3 sets of 6 repetitions

Modifications:

Modifications to make this exercise easier: turn into a split squat. Place your back leg on a chair or bench. Perform the squat with 90% of your body weight on your stance leg.

Modifications to make this exercise harder: perform on an unstable surface like a pillow or Bosu ball.

Exercise 7: Ice Skaters

How to do this move?

Starting Position: Begin in a partial squat with the weight focused through your heel, quads, glutes and abs doing most of the work.  Knee stays behind and in line with your big toe.  Movement: Leap to your side, landing on your outside leg, inside leg reaches behind and across your body. Focus on decelerating and loading in a partial lunge position.Repeat to the opposite side.

2 sets of 16 repetitions

Modifications:

Modifications to make this exercise easier: take a large step side to side instead of jumping and keep your body more upright. 

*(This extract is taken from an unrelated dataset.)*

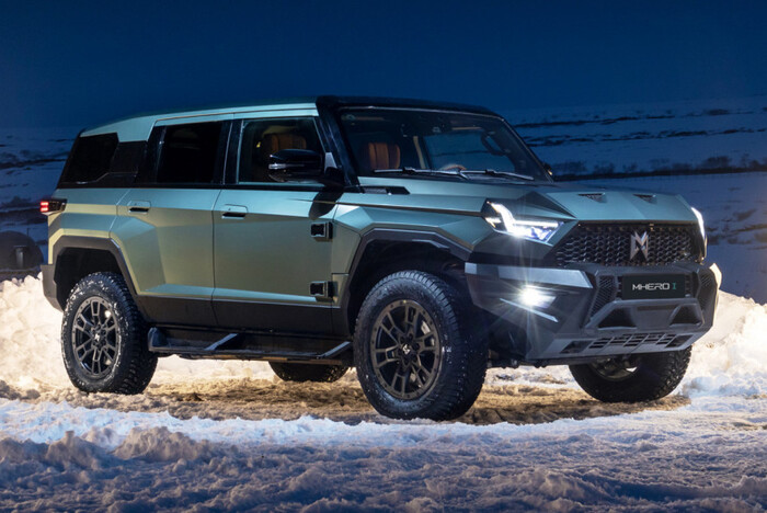 Это крупный рамный внедорожник: длина 5066 мм, ширина 1934 мм, высота 2080 мм, колесная база 2950 мм. Он имеет полноуправляемое шасси с режимом Crab Mode (движение наискосок) и радиусом разворота 5,1 м: задние колеса могут поворачиваться на угол до 10,6 градуса. M-Hero I оснащен независимой пневматической подвеской и 20-дюймовыми колесами, дорожный просвет варьируется от 221 мм до 326 мм в режиме Off-Road, угол въезда — от 31° до 36,8°, а угол съезда — от 31° до 37,5°. Максимальная глубина преодолеваемого брода — 900 мм.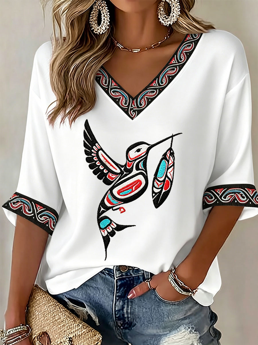 Women's Indigenous Print Casual T-Shirt

Modifications to make this exercise harder: add a resistance band around your ankles.

 

One of the most important aspects of balance training is to stay mindful of it throughout the day. Think about where you lean when you’re standing, if you favor one leg over the other while squatting, or if your knee collapses inwards as you climb stairs. Try to control your alignment and engage your core even for simple tasks and you’ll begin to see your stability, and even strength, improve. If you have any difficulties with these exercises, pain, or noticeable issues with your balance, Therapydia’s physical therapists are ready and excited to help you improve your wellness.